• [Data shown]:
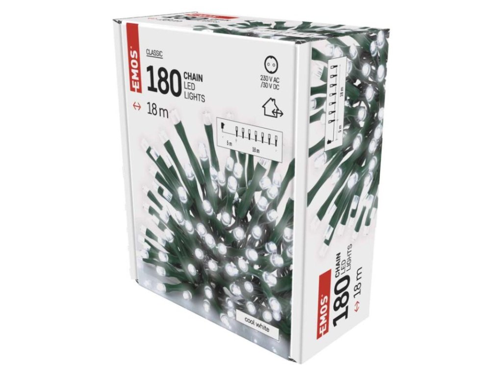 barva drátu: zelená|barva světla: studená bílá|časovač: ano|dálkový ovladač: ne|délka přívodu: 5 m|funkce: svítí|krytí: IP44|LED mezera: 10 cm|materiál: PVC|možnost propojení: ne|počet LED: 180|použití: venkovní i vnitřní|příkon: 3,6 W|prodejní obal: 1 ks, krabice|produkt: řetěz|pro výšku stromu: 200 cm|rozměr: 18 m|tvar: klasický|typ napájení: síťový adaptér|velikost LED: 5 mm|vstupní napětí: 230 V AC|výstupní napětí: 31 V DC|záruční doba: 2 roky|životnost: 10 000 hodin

...

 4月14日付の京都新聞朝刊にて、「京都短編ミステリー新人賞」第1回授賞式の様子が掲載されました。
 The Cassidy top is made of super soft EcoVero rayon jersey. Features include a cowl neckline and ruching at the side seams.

...

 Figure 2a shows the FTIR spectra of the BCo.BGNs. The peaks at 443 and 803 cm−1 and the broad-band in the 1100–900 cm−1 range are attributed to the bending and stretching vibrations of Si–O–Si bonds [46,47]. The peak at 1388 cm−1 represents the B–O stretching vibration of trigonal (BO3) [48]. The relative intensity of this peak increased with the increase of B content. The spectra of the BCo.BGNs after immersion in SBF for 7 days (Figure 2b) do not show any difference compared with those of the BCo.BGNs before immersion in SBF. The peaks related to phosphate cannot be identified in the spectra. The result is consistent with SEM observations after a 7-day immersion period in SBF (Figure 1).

• [Work to complete]: Please give back exactly the lines of the listing above that run from the one containing "4月14日付の京都新聞朝刊に" through the one containing "The Cassidy top", and only those.

• [Solution to this problem]:
 4月14日付の京都新聞朝刊にて、「京都短編ミステリー新人賞」第1回授賞式の様子が掲載されました。
 The Cassidy top is made of super soft EcoVero rayon jersey. Features include a cowl neckline and ruching at the side seams.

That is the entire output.